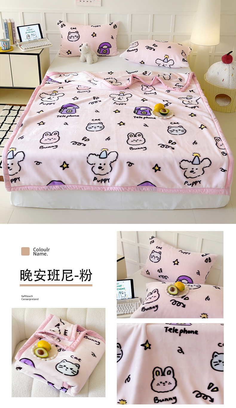(总)舒隅家纺 2025新款大版印花云毯毛毯毯子,波点家族,萌趣派对,小熊日记,狗狗乐园,小小太空人,呆呆卡皮,奶芙小兔,星月小熊
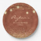 Platos rústicos y elegantes de terracota con papel de ducha con purpurina dorado y luces de cuerda. Personalizado con el nombre de la novia y su fecha de ducha.
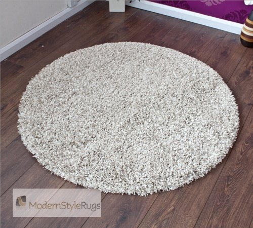 Very Thick Beige And Cream Chunky New Modern Floor Shaggy Circle Round Rug - AVAILABLE IN 3 SIZES, 160cm Circle (5ft 6'' Diameter) Product Description
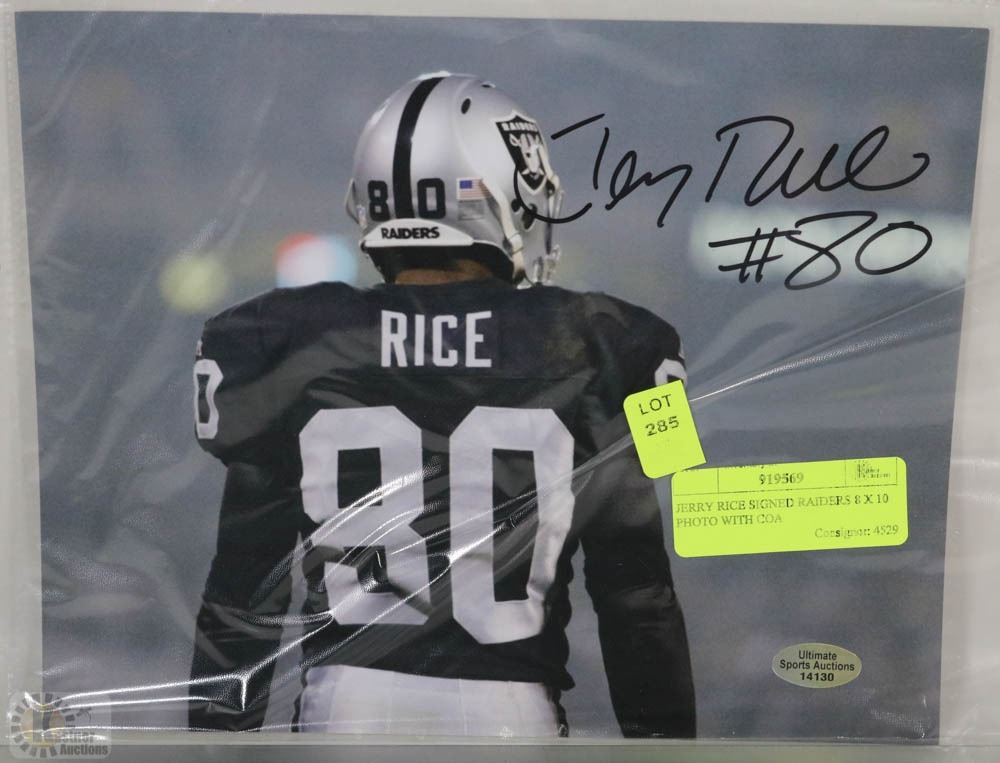 JERRY RICE SIGNED RAIDERS 8 X 10 PHOTO WITH COA
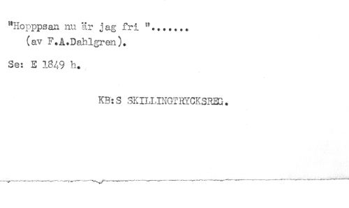 //// "Hopppsan nu är j ag fri //// (av F.A.Dahlgren). //// Se: E 1849 h. //// KB: S SKIU JNGT RYCKSRBH. ////
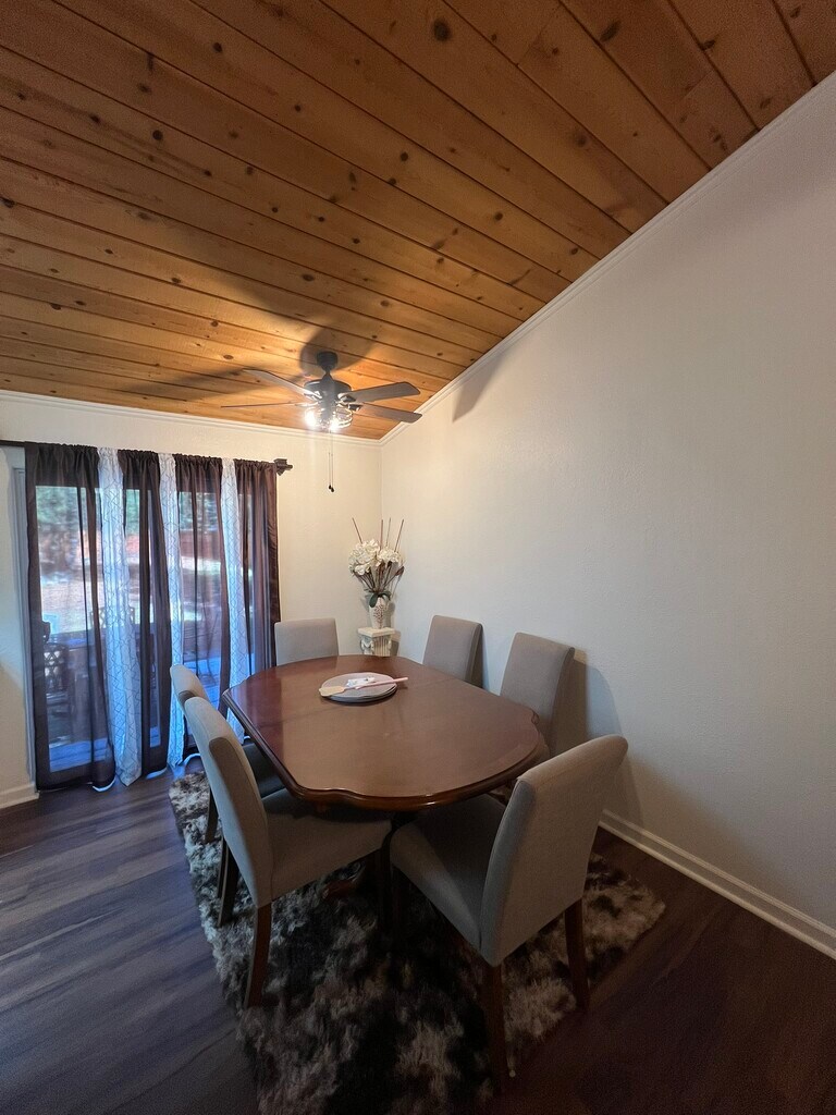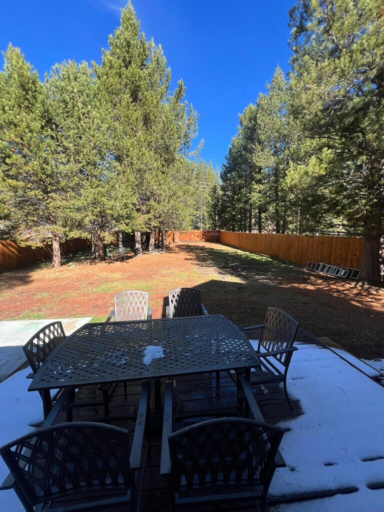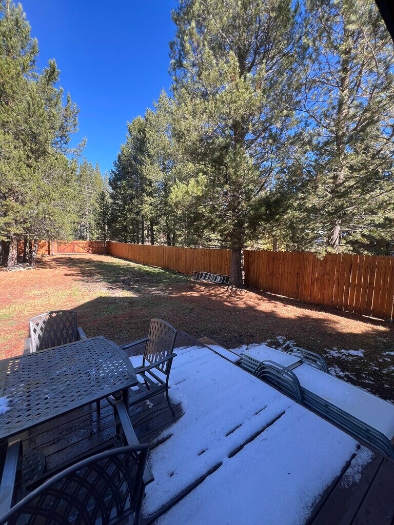This home is located off Pioneer Trail near Tahoe Paradise with easy access to the ski resorts and into town. This cute home offers 2 bedrooms; 1 bath and comes partly furnished. It has a cozy living area for you to relax in and hang out with friends and family after a long day out on the trails or skiing. The dining area is large enough for 6 people to sit and have dinner. In the kitchen you will find all of the essentials necessary to make daily living a breeze, such as a stove/oven, refrigerator, dishwasher and a microwave. The marble countertops add a touch of luxury to the kitchen. Just past the dining area you will have access to the fenced-in backyard large enough to play catch and in the winter build a snowman. Hurry and come see this home, and don't wait, it won't be available much longer! It offers on-site parking and a fenced in backyard. Tenants are responsible for their own snow removal. NO PETS Access to the garage is not available. Owner will be on property once a month to access their unit above the garage. Owner will provide a credit for gas and electric for the time they are on property. Owner to pay for STPUD, South Tahoe Refuse. The owner will pay for Wi-Fi unless Spectrum allows for dual wi-fi systems to be installed.
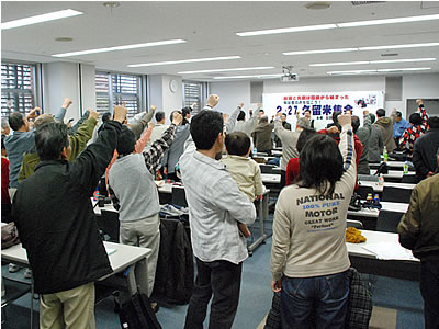 今回の大震災で明らかになったことは、私たち動労千葉派が一刻も早く体制内に取って代わらなければ、文字通り「労働者が労働組合によって殺される」ということです。私たち自身が「原則的で戦闘的な200名組合員の指導部」であることに誇りと責任を持ち、この200名との団結を強化し、その力で「三教組全組合員の指導部」へと飛躍する決意を固め、次なる闘いへ踏み出します!
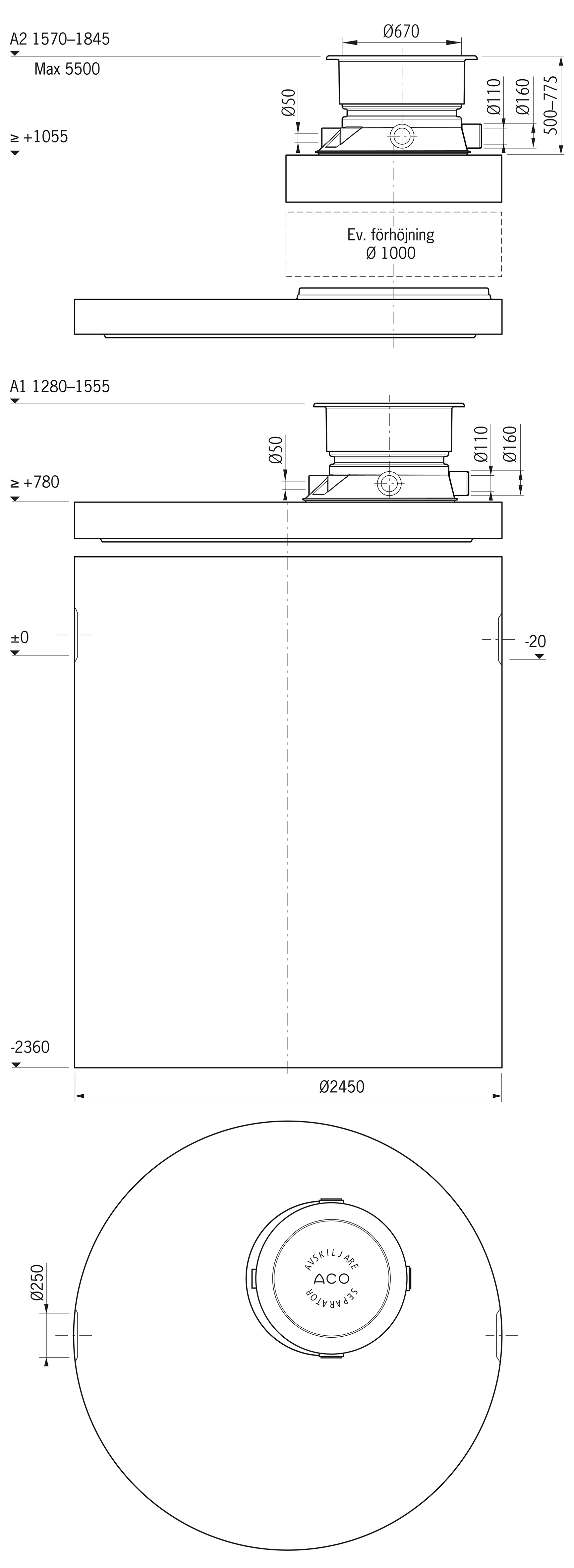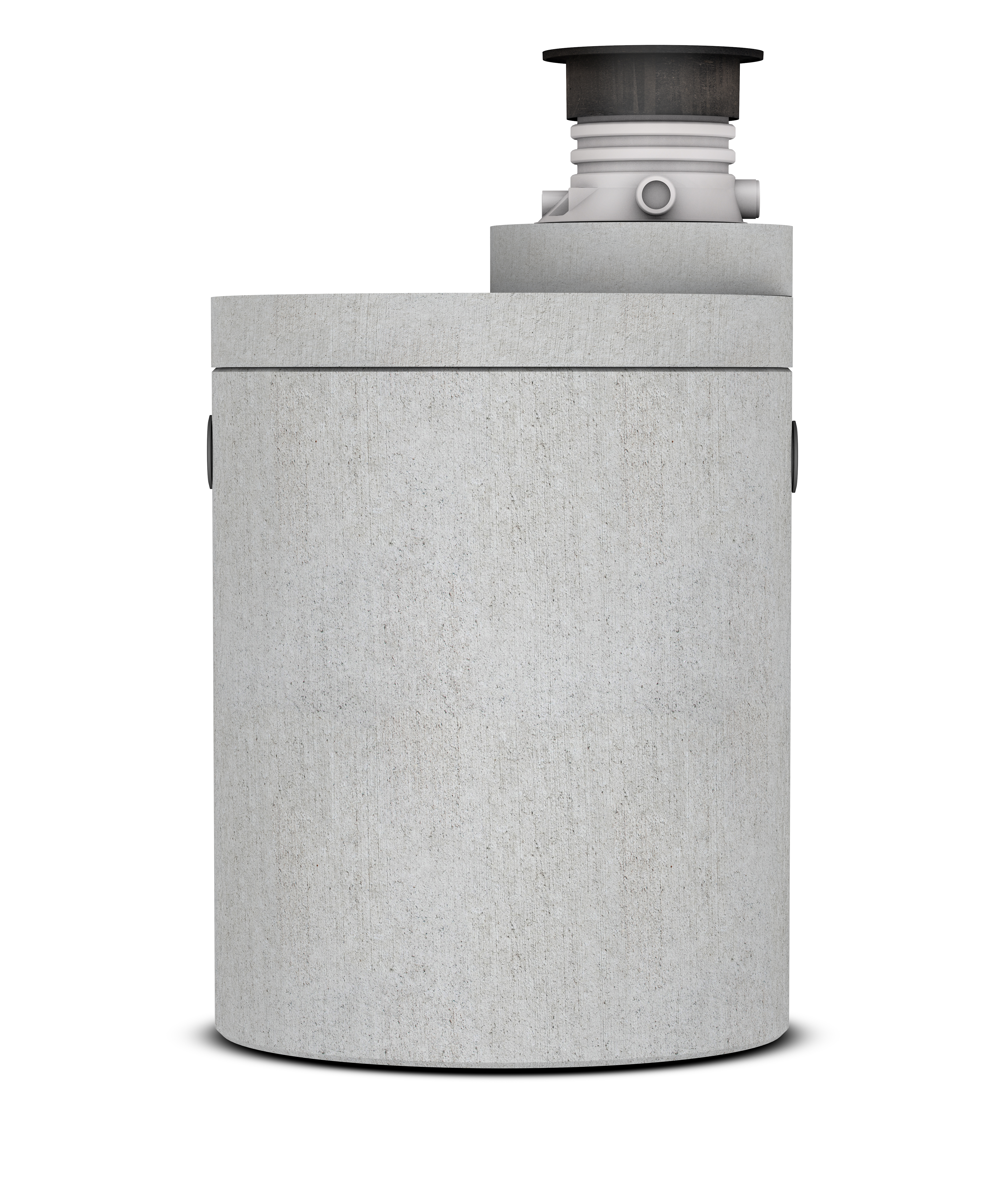 Prefabricerad oljeavskiljare, Klass 1, för extra höga krav på rening. Tillverkad av betong för markförläggning. Avskiljaren levereras komplett med en flerstegs Split Contraction-enhet, integrerat slamfång, anslutning för ventilation, nedstignings/inspektions och tömningshals, lyftöglor, flottörventil och betäckning. A-mått 1570–1845 mm.

□ □ □ □

▸ **INSTRUCTIONS FOR THE TASK**: Each line of the data above must be repeated exactly, images excluded.

▸ **ANSWER SPACE**:
(总)舒隅家纺 2025新款大版印花云毯毛毯毯子,波点家族,萌趣派对,小熊日记,狗狗乐园,小小太空人,呆呆卡皮,奶芙小兔,星月小熊
 Platos rústicos y elegantes de terracota con papel de ducha con purpurina dorado y luces de cuerda. Personalizado con el nombre de la novia y su fecha de ducha.
 Very Thick Beige And Cream Chunky New Modern Floor Shaggy Circle Round Rug - AVAILABLE IN 3 SIZES, 160cm Circle (5ft 6'' Diameter) Product Description
 JERRY RICE SIGNED RAIDERS 8 X 10 PHOTO WITH COA
 //// "Hopppsan nu är j ag fri //// (av F.A.Dahlgren). //// Se: E 1849 h. //// KB: S SKIU JNGT RYCKSRBH. ////
This home is located off Pioneer Trail near Tahoe Paradise with easy access to the ski resorts and into town. This cute home offers 2 bedrooms; 1 bath and comes partly furnished. It has a cozy living area for you to relax in and hang out with friends and family after a long day out on the trails or skiing. The dining area is large enough for 6 people to sit and have dinner. In the kitchen you will find all of the essentials necessary to make daily living a breeze, such as a stove/oven, refrigerator, dishwasher and a microwave. The marble countertops add a touch of luxury to the kitchen. Just past the dining area you will have access to the fenced-in backyard large enough to play catch and in the winter build a snowman. Hurry and come see this home, and don't wait, it won't be available much longer! It offers on-site parking and a fenced in backyard. Tenants are responsible for their own snow removal. NO PETS Access to the garage is not available. Owner will be on property once a month to access their unit above the garage. Owner will provide a credit for gas and electric for the time they are on property. Owner to pay for STPUD, South Tahoe Refuse. The owner will pay for Wi-Fi unless Spectrum allows for dual wi-fi systems to be installed.
 今回の大震災で明らかになったことは、私たち動労千葉派が一刻も早く体制内に取って代わらなければ、文字通り「労働者が労働組合によって殺される」ということです。私たち自身が「原則的で戦闘的な200名組合員の指導部」であることに誇りと責任を持ち、この200名との団結を強化し、その力で「三教組全組合員の指導部」へと飛躍する決意を固め、次なる闘いへ踏み出します!
 Prefabricerad oljeavskiljare, Klass 1, för extra höga krav på rening. Tillverkad av betong för markförläggning. Avskiljaren levereras komplett med en flerstegs Split Contraction-enhet, integrerat slamfång, anslutning för ventilation, nedstignings/inspektions och tömningshals, lyftöglor, flottörventil och betäckning. A-mått 1570–1845 mm.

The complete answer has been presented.